Take the data below and copy exactly the lines starting at the one with "Accessories include a" and finishing at the one with "標準で製品と同梱されている取", both included.

SUPPLIED DATA:

──────────────────────────────

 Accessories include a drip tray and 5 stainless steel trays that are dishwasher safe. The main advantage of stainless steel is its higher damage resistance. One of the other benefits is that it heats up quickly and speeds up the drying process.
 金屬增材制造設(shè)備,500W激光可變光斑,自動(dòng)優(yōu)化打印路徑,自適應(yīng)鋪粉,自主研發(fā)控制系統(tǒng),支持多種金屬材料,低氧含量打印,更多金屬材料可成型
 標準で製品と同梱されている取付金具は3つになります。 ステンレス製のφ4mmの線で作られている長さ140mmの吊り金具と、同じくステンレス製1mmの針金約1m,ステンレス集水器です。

──────────────────────────────

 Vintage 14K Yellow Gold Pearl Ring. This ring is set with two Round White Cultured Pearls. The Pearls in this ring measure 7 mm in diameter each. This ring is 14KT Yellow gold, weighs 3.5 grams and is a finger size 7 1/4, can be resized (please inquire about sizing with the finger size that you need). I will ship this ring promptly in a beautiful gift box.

──────────────────────────────

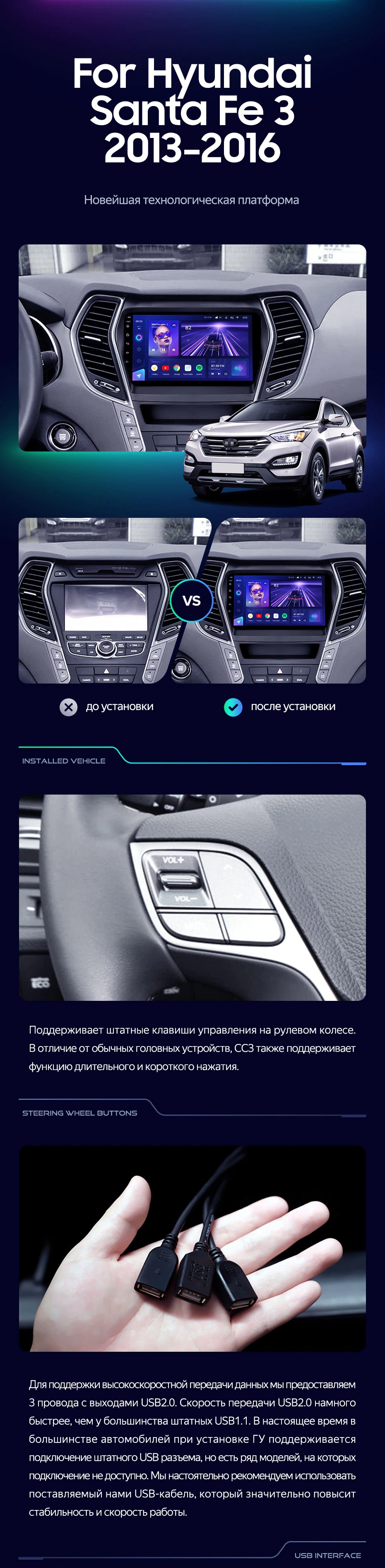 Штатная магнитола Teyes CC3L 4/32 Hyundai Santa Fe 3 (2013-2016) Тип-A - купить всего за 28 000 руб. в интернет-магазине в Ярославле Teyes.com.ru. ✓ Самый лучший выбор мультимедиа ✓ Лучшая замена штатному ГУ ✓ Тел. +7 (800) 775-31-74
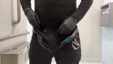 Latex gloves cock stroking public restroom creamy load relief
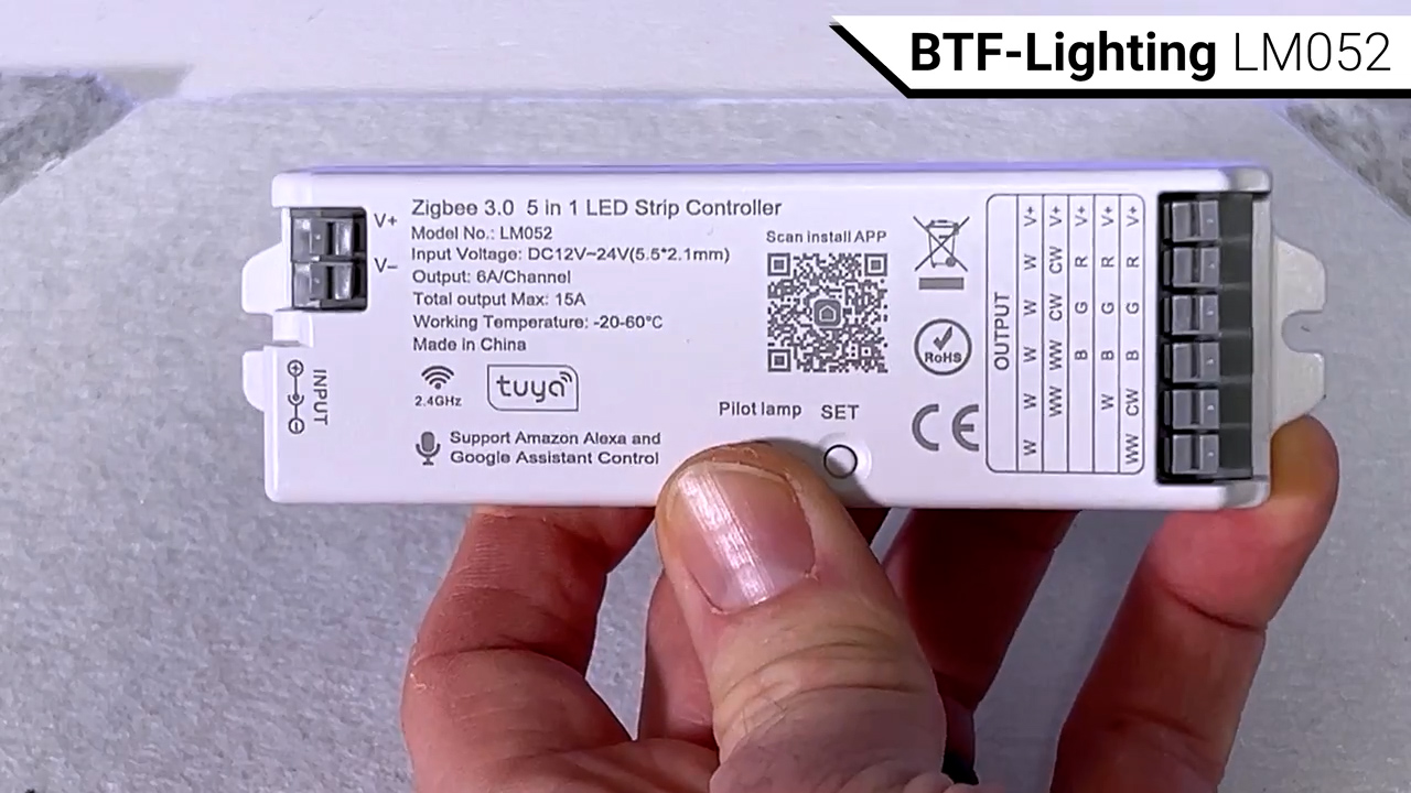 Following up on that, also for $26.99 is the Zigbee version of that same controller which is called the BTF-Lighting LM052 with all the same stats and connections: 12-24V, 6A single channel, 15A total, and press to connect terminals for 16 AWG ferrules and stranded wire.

──────────────────────────────

RESPONSE TO THE TASK:
 Accessories include a drip tray and 5 stainless steel trays that are dishwasher safe. The main advantage of stainless steel is its higher damage resistance. One of the other benefits is that it heats up quickly and speeds up the drying process.
 金屬增材制造設(shè)備,500W激光可變光斑,自動(dòng)優(yōu)化打印路徑,自適應(yīng)鋪粉,自主研發(fā)控制系統(tǒng),支持多種金屬材料,低氧含量打印,更多金屬材料可成型
 標準で製品と同梱されている取付金具は3つになります。 ステンレス製のφ4mmの線で作られている長さ140mmの吊り金具と、同じくステンレス製1mmの針金約1m,ステンレス集水器です。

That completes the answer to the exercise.